Work to complete: Should a picture appear anywhere in the data, omit it and copy everything else exactly.

Data to examine:
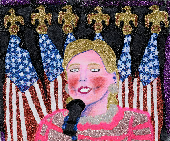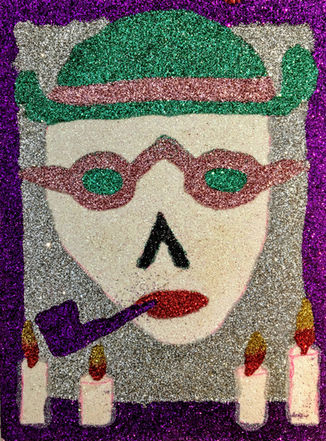 Over time, the work became more and more about glitter, and the studio’s ability to supply the artist with an extensive assortment of glitter colors also led, over time, to an almost exclusively glitter-composition style. By “painting” with glue and applying blocks of color with glitter, Wilson creates spectacular images of celebrities and fellow artists, special commission portraits, and lucky images that express his hopeful sense of fortune and fate. Recently, the artist has been reintroducing elements of acrylic painting back into his images. In 2019, Sereno exhibited his solo exhibition Haitian Symbols and Spirits at the Haitian Musuem located in Chicago’s Uptown neighborhood.
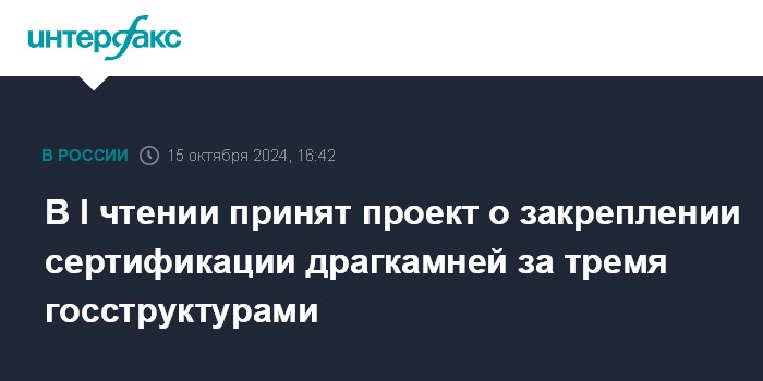 Комитет также отмечал, что правительство предлагает перенести планируемый срок аккредитации органов, осуществляющих подтверждение соответствия драгоценных камней, с 1 марта 2025 года на 1 сентября 2025 года. Это изменение также должно быть учтено в окончательной версии законопроекта, считают в думском комитете.
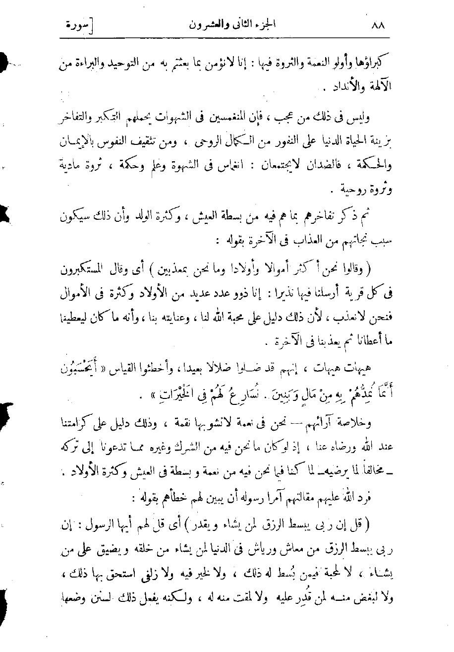 وليس في ذلك من عجب، فإن المنغمسين في الشهوات يحملهم التكبر والتفاخر بزينة الحياة الدنيا على النفور من الكمال الروحي، ومن تثقيف النفوس بالإيمان والحكمة، فالضدان لا يجتمعان: انغماس في الشهوة وعلم وحكمة، ثروة مادية وثروة روحية.
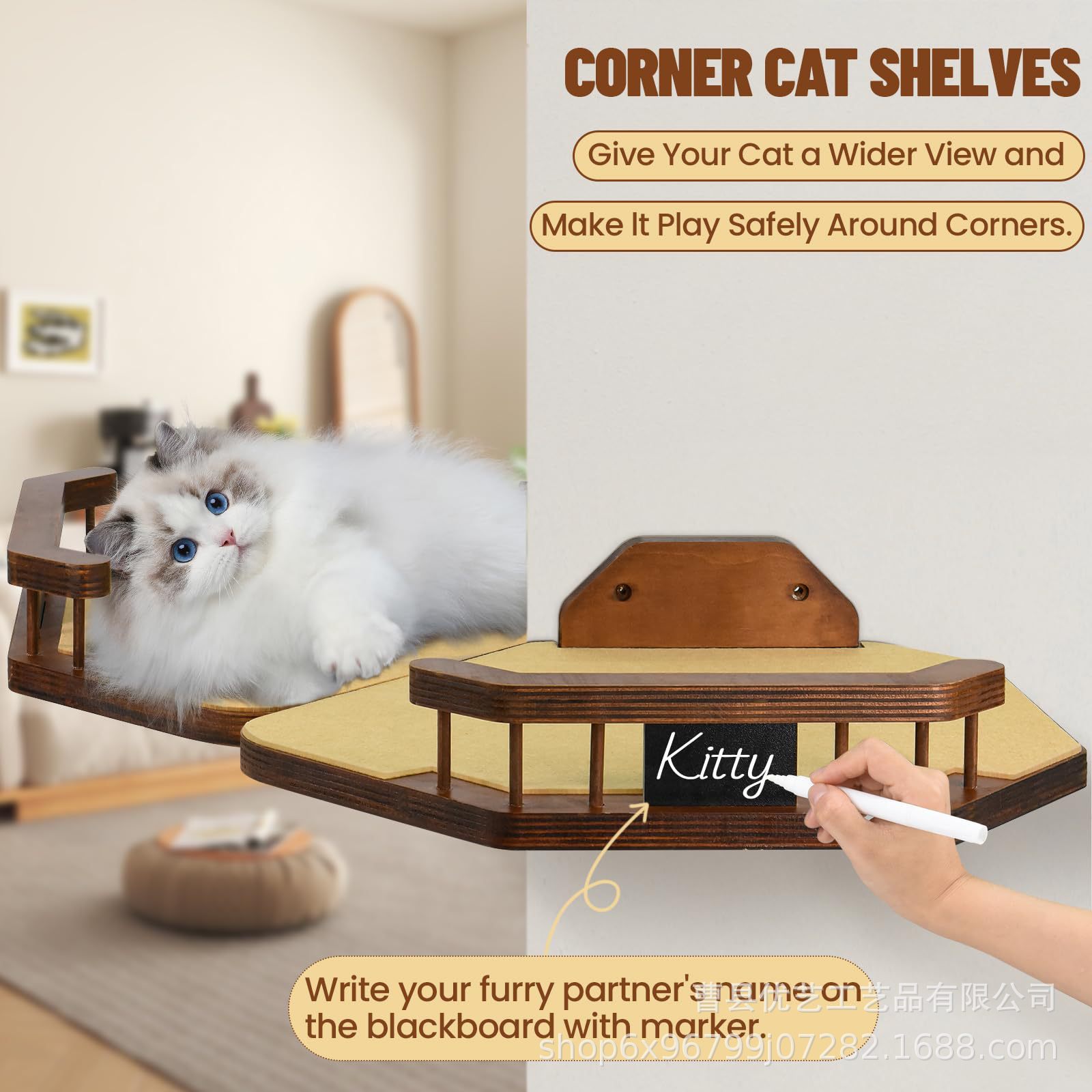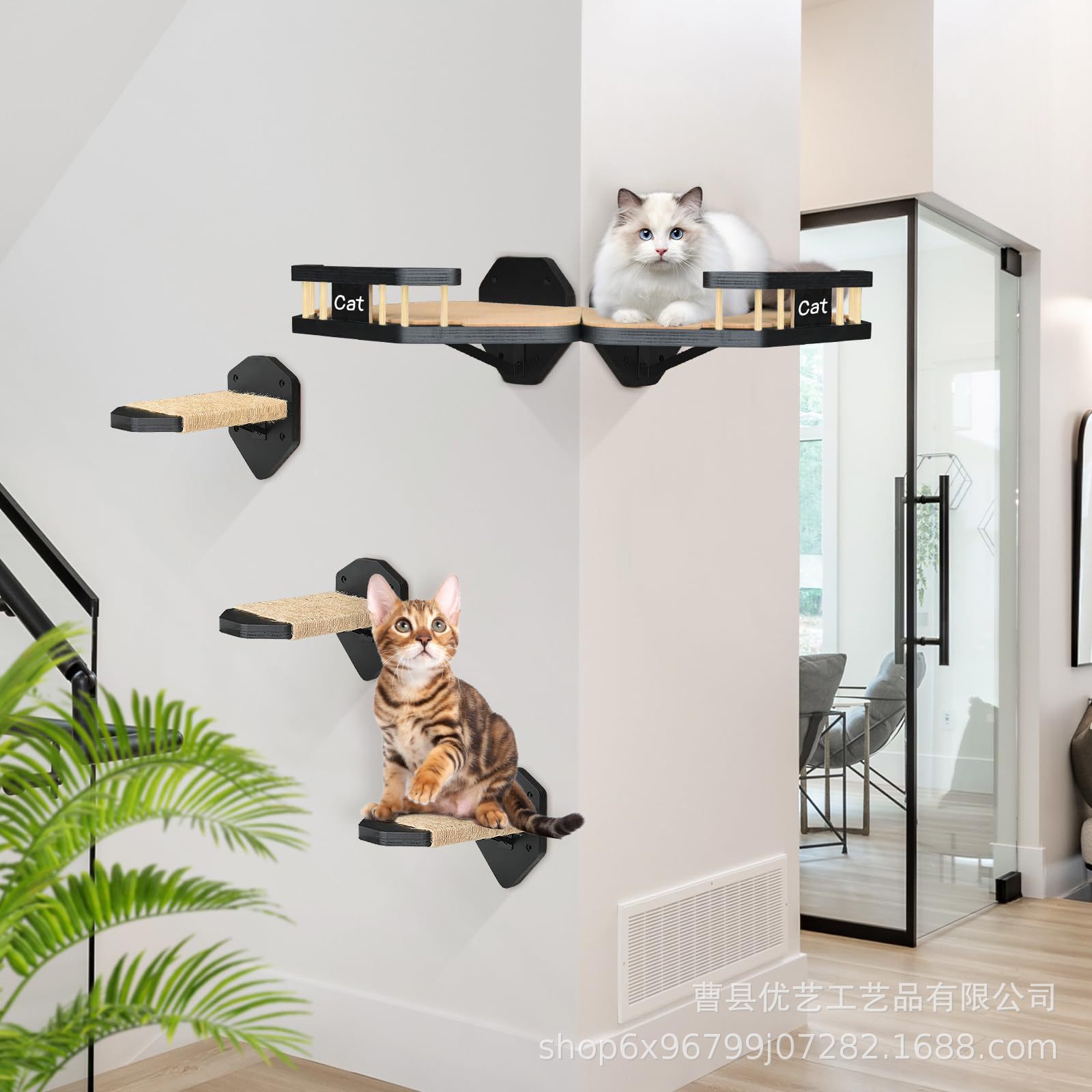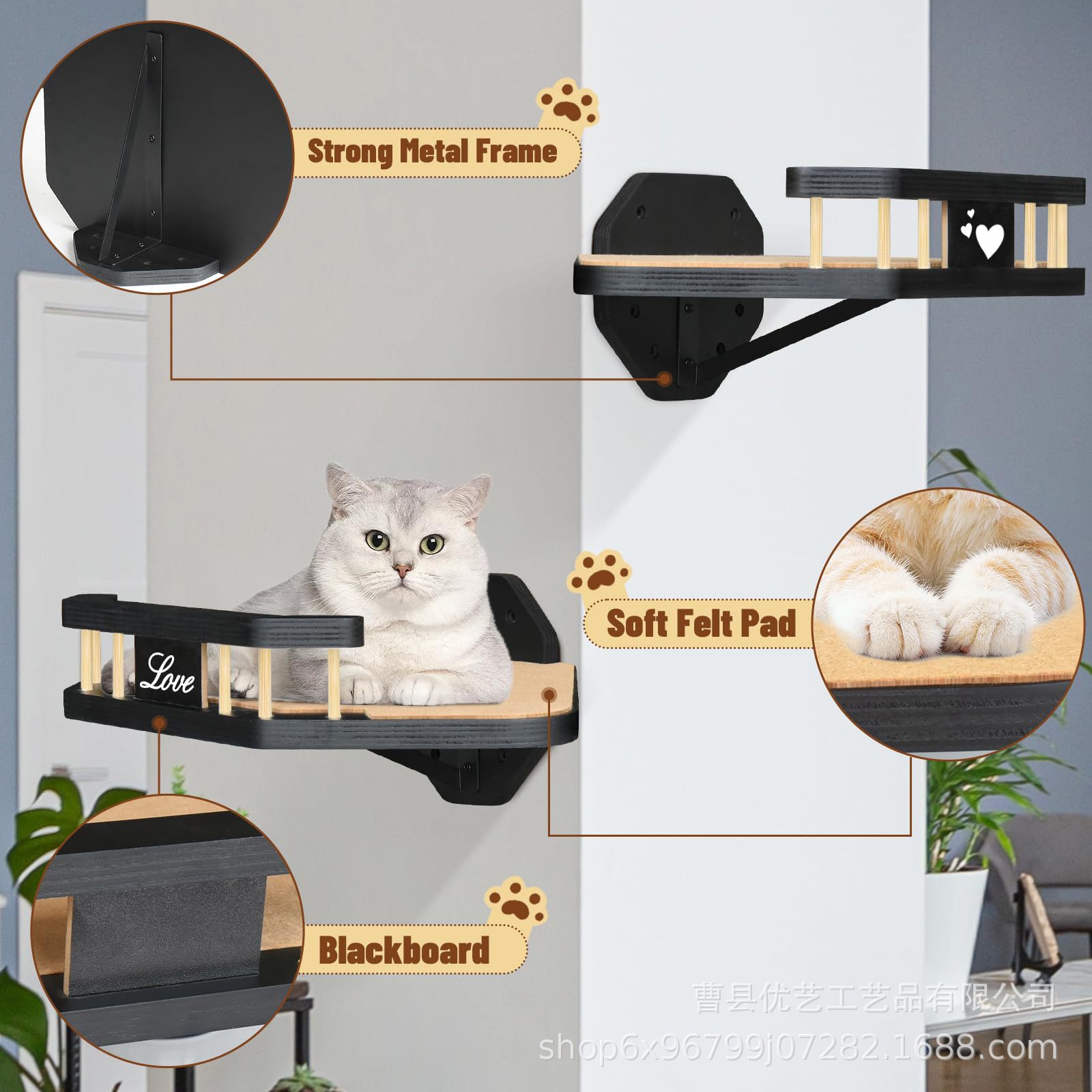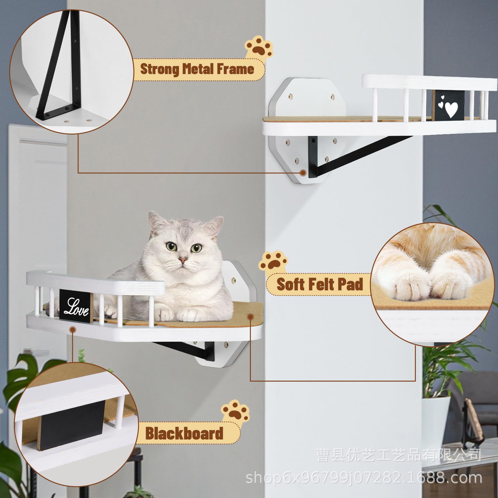 나무 고양이 등반 랙 걸이 거실 벽 장착 고양이 둥지 단단한 나무 고양이 등반 랙 고양이 계단 고양이 점프 테이블 장난감
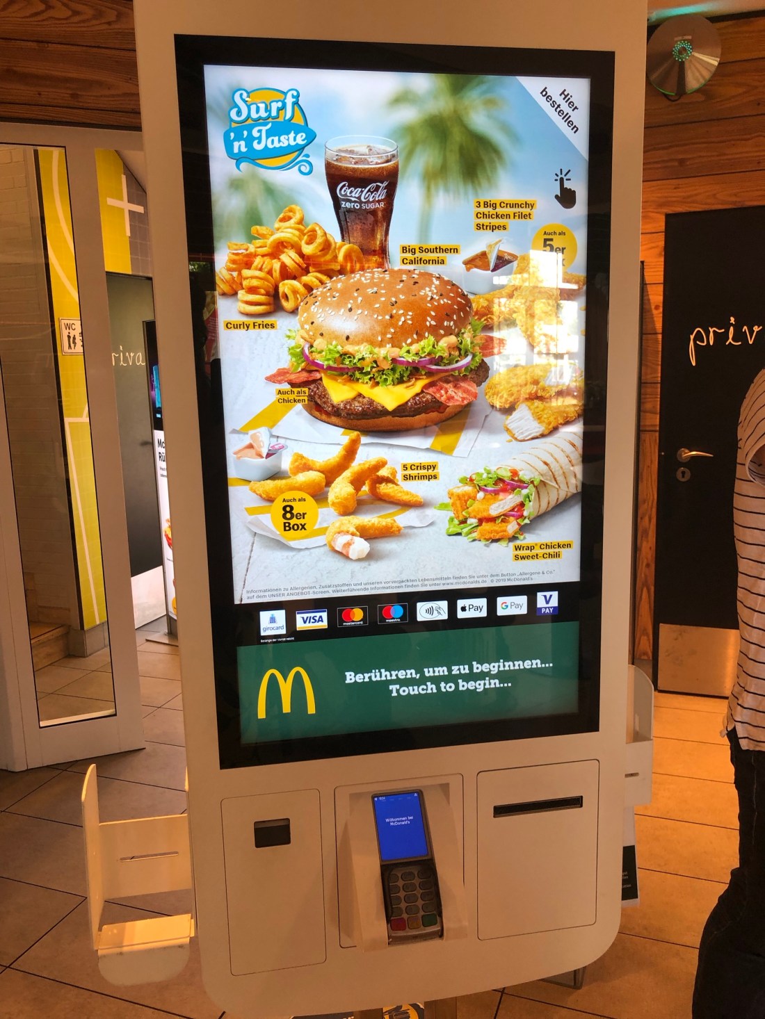 This had an English option, so was easier than talking to a human! Took me a while to navigate, but found the desired choices and a mcCoffee cappuccino for Russ and I.
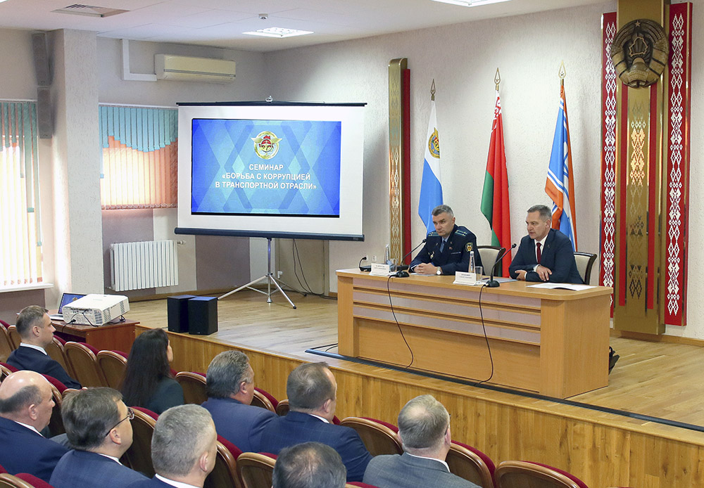 Семинар по вопросам противодействия коррупции в транспортной отрасли прошел под руководством министра транспорта и коммуникаций Алексея Ляхновича. Встреча состоялась в Минском вагонном участке Минского отделения БЖД. Перед руководителями организаций системы Минтранса выступил представитель Генпрокуратуры Артем Маймусов.

Response box:
 Over time, the work became more and more about glitter, and the studio’s ability to supply the artist with an extensive assortment of glitter colors also led, over time, to an almost exclusively glitter-composition style. By “painting” with glue and applying blocks of color with glitter, Wilson creates spectacular images of celebrities and fellow artists, special commission portraits, and lucky images that express his hopeful sense of fortune and fate. Recently, the artist has been reintroducing elements of acrylic painting back into his images. In 2019, Sereno exhibited his solo exhibition Haitian Symbols and Spirits at the Haitian Musuem located in Chicago’s Uptown neighborhood.
 Комитет также отмечал, что правительство предлагает перенести планируемый срок аккредитации органов, осуществляющих подтверждение соответствия драгоценных камней, с 1 марта 2025 года на 1 сентября 2025 года. Это изменение также должно быть учтено в окончательной версии законопроекта, считают в думском комитете.
 وليس في ذلك من عجب، فإن المنغمسين في الشهوات يحملهم التكبر والتفاخر بزينة الحياة الدنيا على النفور من الكمال الروحي، ومن تثقيف النفوس بالإيمان والحكمة، فالضدان لا يجتمعان: انغماس في الشهوة وعلم وحكمة، ثروة مادية وثروة روحية.
 나무 고양이 등반 랙 걸이 거실 벽 장착 고양이 둥지 단단한 나무 고양이 등반 랙 고양이 계단 고양이 점프 테이블 장난감
 This had an English option, so was easier than talking to a human! Took me a while to navigate, but found the desired choices and a mcCoffee cappuccino for Russ and I.
 Семинар по вопросам противодействия коррупции в транспортной отрасли прошел под руководством министра транспорта и коммуникаций Алексея Ляхновича. Встреча состоялась в Минском вагонном участке Минского отделения БЖД. Перед руководителями организаций системы Минтранса выступил представитель Генпрокуратуры Артем Маймусов.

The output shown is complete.